Has anybody noticed that the National Museum of Ireland has been operating without a Board since the end of 2015? So too has the National Concert Hall and likewise the Heritage Council. Such delays in board appointments used to be attributed to the State’s mean attempts to save some pennies. But the arts boards are no longer costing the state any fees. Although fees to board members of most other semi-state organizations continue to be paid and average upwards of €5,000pa, the arts boards have been unremunerated since the crisis. Of course the interregnum in forming the new government has delayed appointments to all state bodies over the past two months but in the case of the NMI, more than half the board members retired as far back as last October. That’s a full seven months ago!

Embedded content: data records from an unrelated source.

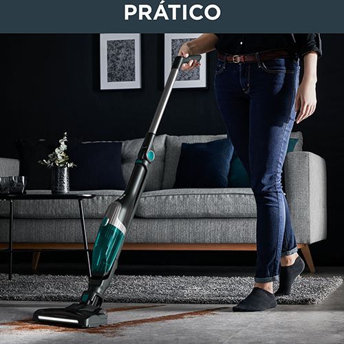 MULTI SUPERFÍCIE: Função 2 em 1: chão e mini aspirador, inclui ainda uma escova para sofás para uma limpeza profunda e acessório para frestas e rodapés para chegar a todos os cantos.
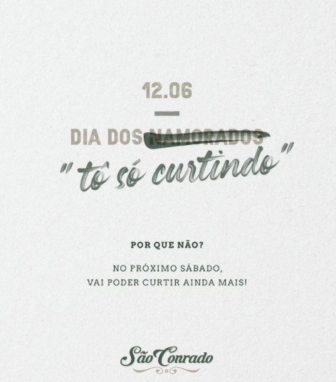 No próximo dia 12 de junho é comemorado o Dia dos Namorados porém, no São Conrado (unidades Pinheiros e Itaim) o dia será para os solteiros!
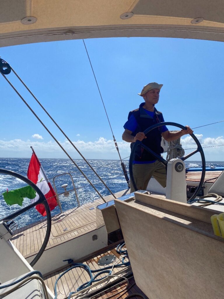 26.9.2025: Der 129. und letzte Tag auf See. Zwar unternehmen wir einen verzweifelten Versuch noch einmal die Segel zu setzen, scheitern jedoch an chronischer Windlosigkeit. Der neue Motor kommt dementsprechend zum Einsatz auf den letzten Meilen. Um 16:20 Uhr machen wir die Ganymed am Steg A1 fest.
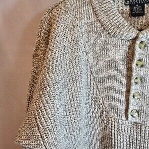 NAME: THE ORIGINAL GRAPHITE JEANSWEAR PULLOVER SWEATER SIZE MEDIUM RAMIE COTTON BLEND MEDIUM WEIGHT HEATHER GRAY HENLEY STYLE BUTTON UP DROP SHOULDER ROUND COLLAR BEAUTIFUL DESIGN 90s

If there is any reason why members of arts boards should be discriminated against in the payment of fees compared to other state boards then it has never been enunciated by the Minister responsible. After all, the board members of the NCIs give the same time, presumably work just as hard and presumably have qualifications as impressive as members of other members of state boards. So one is left with the impression that the arts boards are considered by the government to be less important than the commercial boards: in fact the government couldn’t care less about them. The problem for the so-called arts community in Ireland is that there is no single organization committed to the promotion and welfare of their interests. Such organizations as there are, including the NCIs, are either totally dependent on the government or in hock to it to a greater or lesser extent. Certainly it is surprising that no voice has been raised in public against the long over-due appointments to the NCIs and to the elimination of board fees.

What the arts ‘sector’ really needs is a single body along the lines of the National Women’s Council of Ireland which has been so successful in its stated committment to ‘lobby decision makers’ and to promote their stated objective of equality for women. Until the arts sector gets a combined lobby together like the NWCI or IBEC or the IFA, it will go on supping out of the bottom of the barrel – and silently putting up with it.

John Mulcahy is the Editor of the Irish Arts Review.